2.2 Direct Lake‑Only Model

  1. Connect → Home ▶︎ OneLake catalog ▶︎ Lakehouses ▶︎ pick the Lakehouse ▶︎ Connect to OneLake ▶︎ Connect.



  1. Name the semantic model, select tables, and OK.



  1. Create relationships, and measures.


  2. The model auto‑saves in the workspace.

Refresh reality: A Direct Lake model doesn’t move data.

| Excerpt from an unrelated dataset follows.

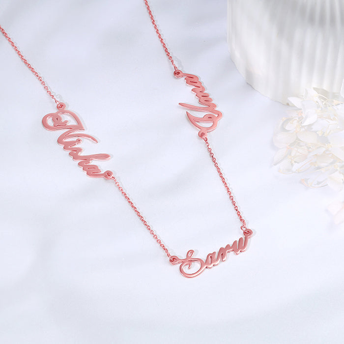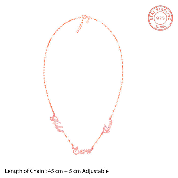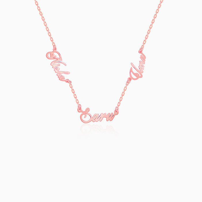 This personalised rose gold necklace for women features three names adjacent to one another.
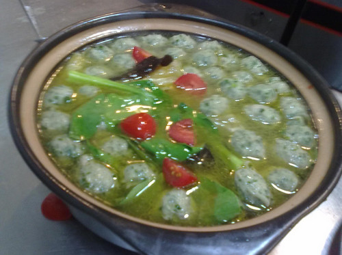 5、等丸子都~起加入,盐,鸡粉,鸡汁,味精调味,再加入木耳,青菜番茄丁,烧开。丸子熟透盛入器皿浇少许鸡油即可。

A quick metadata call—sometimes called a re‑frame—points the model to the newest Parquet files and finishes in milliseconds (Direct Lake overview).



2.3 Hybrid Model (Fact in Direct Lake, Dims in Import)

  1. Create a Direct Lake model that contains only the fact table.


  1. The semantic model (Direct_Lake_and_Import) is created in the Workspace.



  1. Open Tabular Editor 2, connect to the Import‑only model, and copy the dimension tables.




  1. Open Tabular Editor 2, connect to the Direct_Lake_and_Import model, and paste those dimensions into the model.




  1. When refreshing the semantic model in the service, the error will show.


  1. Fix the gateway connection (Semantic model settings ▶︎ Gateway and cloud connections ▶︎ map SQL Server ▶︎ Create connection).



  1. When the first refresh succeeds (in my case, it took 15 minutes on trial capacity to see the first successful refresh), open the model, define relationships and measures, then build visuals.



Edit the semantic mode


Create relationship and measures


Create visualizations in Power BI Desktop





I hope this helps having fun in choosing the right storage pattern for your next semantic model. Whether you import everything, ride the Direct Lake wave, or blend the two, good semantic models and reports come by putting each table in the right storage mode and scheduling refreshes so they align with how that mode works.